Bei einem Rundgang kann man vieles davon besichtigen: unter vielem Anderen die alte Stadtmauer und die ehemalige Hauptstraße mit den an sie angrenzenden Läden, Werkstätten und Wohnhäusern, das hellenistische Theater und die Heiligtümer der Demeter und des Dionysos. Aus der Epoche der römischen Herrschaft stammen das römische Theater, die Großen Thermen und die „Villa des Dionysos“ mit ihrem ausgezeichneten Mosaik. Aus der byzantinischen Zeit haben sich die Reste einer großen Basilika mit Mosaikfußboden erhalten.

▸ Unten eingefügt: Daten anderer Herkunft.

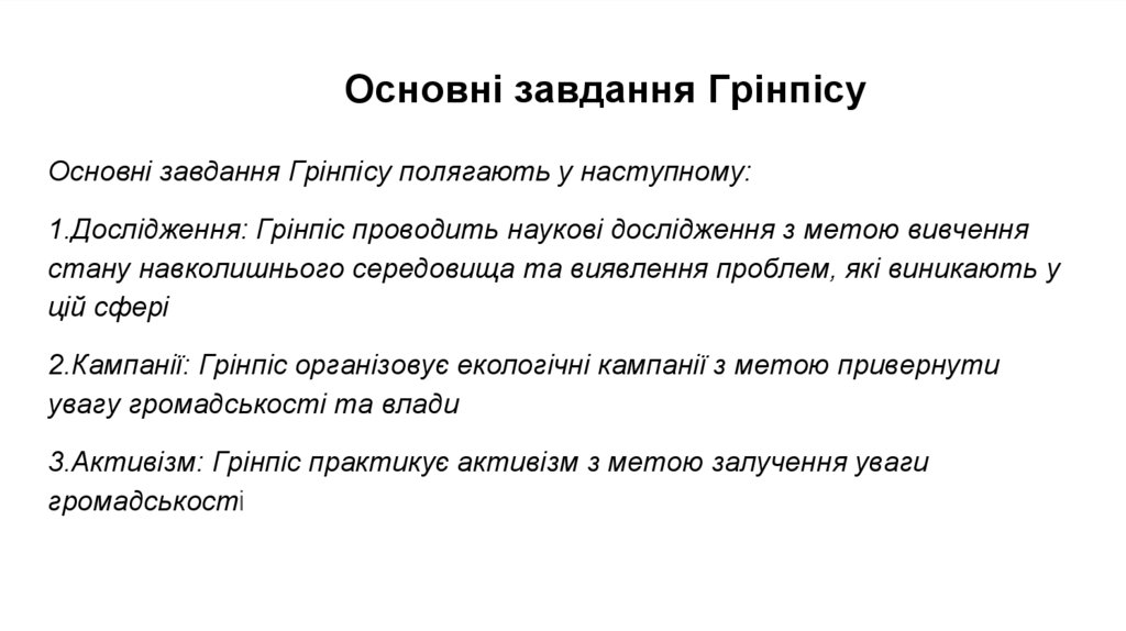 Основні завдання ГрінпісуОсновні завдання Грінпісу полягають у наступному:

Nur 500 m vom Grabungsgelände entfernt liegt das Archäologische Museum von Dion im modernen Ort Dio inmitten einer hübschen Gartenanlage. Es präsentiert Funde, die in Dion und im weiteren Gebiet der Präfektur Pieria entdeckt wurden. Die Skulpturen, Bauornamentik, Keramik, Waffen und Inschriften sind nach Fundzusammenhängen geordnet und vermitteln ein anschauliches Bild der verschiedenen Ausgrabungen. Von herausragender Bedeutung ist die einzigartige Hydraulis von Dion, die in einem eigenen Ausstellungsraum zu sehen ist. Es handelt sich dabei um eine Wasserorgel, ein Musikinstrument, das im 3. Jh. v. Chr. in Alexandria erfunden wurde. Die Hydraulis aus Dion stammt aus dem 1. Jh. v. Chr. und stellt das älteste bislang gefundene Instrument dieses Typus dar, das von der hellenistischen über die römische bis in die byzantinische Zeit überaus beliebt war und auch am Kaiserhof von Byzanz gespielt wurde. Aus diesem Instrument hat sich später die Kirchenorgel entwickelt. Von der Hydraulis in Dion sind noch die Bronzepfeifen zu sehen und die Platten, die diese zusammenhielten. Wer den Archäologischen Park von Dion besichtigt, sollte es also auf keinen Fall versäumen, genug Zeit einzuplanen, um auch dem archäologischen Museum einen Besuch abzustatten zu können.